Today I found out that someone very dear to my friend and myself, was dying.
When my friend told me this, I covered my hand with my mouth and sat for a few minutes speechless.
What was I supposed to say? That everything would be alright? Everything was not alright. He is dying. He had two weeks to live. He is dying and it is not going to be alright.
Immediatly, my first reaction was to get up and go somewhere alone so I could silently scream at God for the mess He'd created. Didn't He see what He was doing to the people who loved him?
I left my friend and stood in front of the school's bathroom mirror begging myself not to cry. I didn't want my friend to see me like this. I was not going to cry. I was not the weak one. She knew him better anyways, so why was I feeling so torn?
Because it was death. Death is final. There is no "oops" or "my mistake, here's your life back." There's only death. And he is a million years too young to have cancer that is so fatal he is going to die.
I felt as if my throat was going to cave in and I got a headache trying to hold in the tears for the rest of the day. My friend who knew him better was struggling with this MUCH more than I was. But she was holding it together oh so very well. The only feature that gave her away was her empty eyes when she looked at you. The eyes that begged "No. Don't take him yet. I am not ready."

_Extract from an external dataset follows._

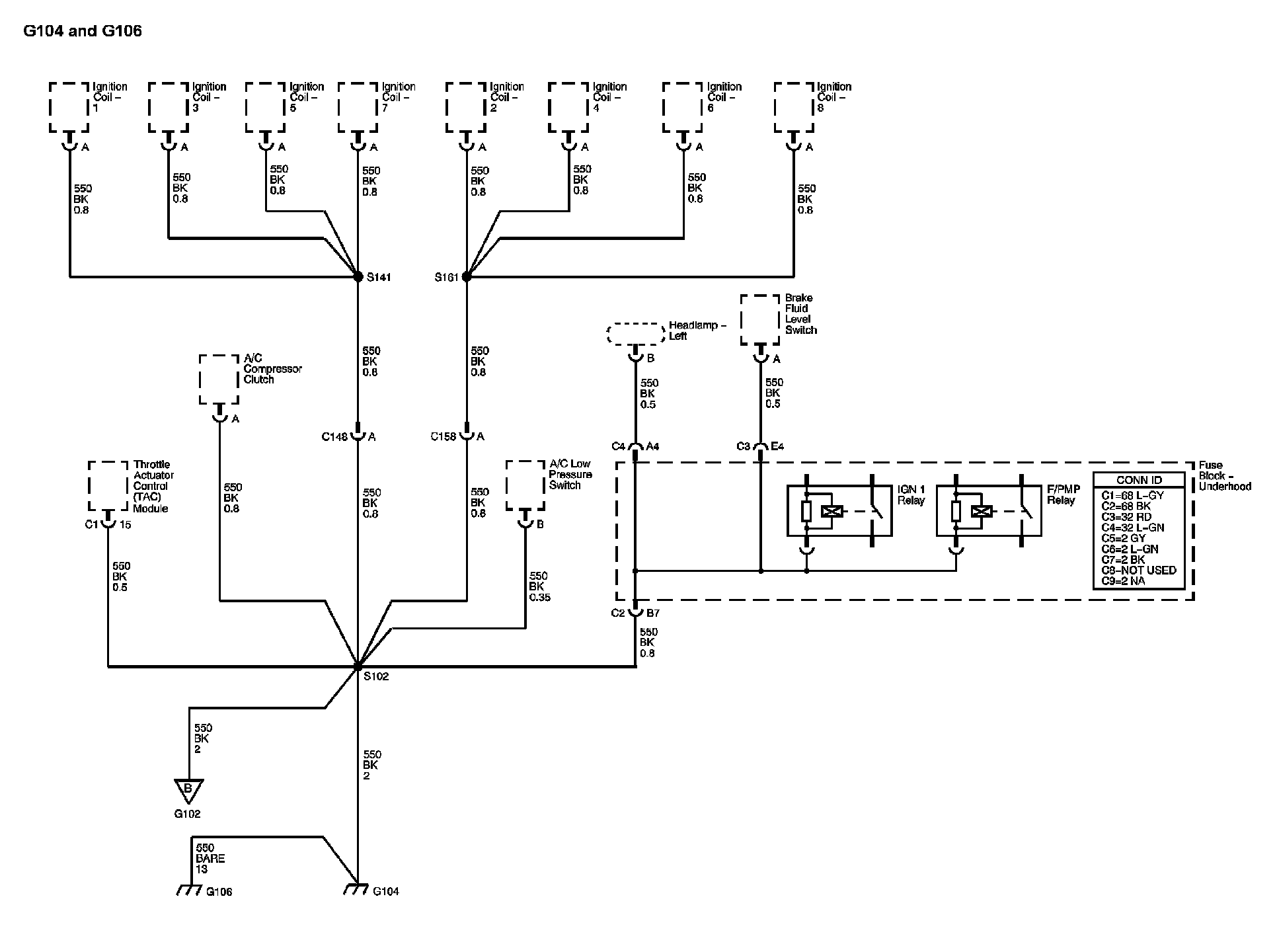 The locations for the Connectors, Grounds, Splices, and Grommets shown within these diagrams can be found via their numbers at Vehicle Locations.

He is not supposed to die. Not now. Not like this. God can't just take him. Death is final. My friend would be gone.
Gone. No. Not gone.
The realization hit my like a train on the tracks. His life was only just beginning. And as much as I hated to see him go, Heaven was where he belonged. Flying with angels and listening to God speak. Watching over her.

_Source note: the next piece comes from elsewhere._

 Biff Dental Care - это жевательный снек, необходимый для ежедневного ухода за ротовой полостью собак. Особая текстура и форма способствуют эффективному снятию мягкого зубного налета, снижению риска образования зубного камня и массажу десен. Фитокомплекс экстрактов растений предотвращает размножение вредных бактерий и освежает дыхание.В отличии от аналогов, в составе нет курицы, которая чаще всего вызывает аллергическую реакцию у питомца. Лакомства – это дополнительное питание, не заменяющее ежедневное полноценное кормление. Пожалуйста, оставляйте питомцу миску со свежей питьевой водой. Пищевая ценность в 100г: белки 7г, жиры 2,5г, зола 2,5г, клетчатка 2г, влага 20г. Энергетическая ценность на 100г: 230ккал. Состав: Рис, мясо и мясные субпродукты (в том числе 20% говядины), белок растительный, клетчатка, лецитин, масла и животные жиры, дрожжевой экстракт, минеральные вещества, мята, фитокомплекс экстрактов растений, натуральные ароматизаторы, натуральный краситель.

I still get angry at God. I am still angry with God. I want to scream and cry and throw things out windows, but I have to remember through all my mourning that it is not in my hands. This situation, is not in my hands.
I have no control.
God does.
I will be angry, confused, scared.
But God is in control.
And yes it's going to take a long time for my friend to be okay again.
But God is in control.
And I am going to cry for as long as she does. (My heart feels swollen with empathy.)
But God is in control.
And I must remember that through all of this.
Pray for a miracle? Yes please.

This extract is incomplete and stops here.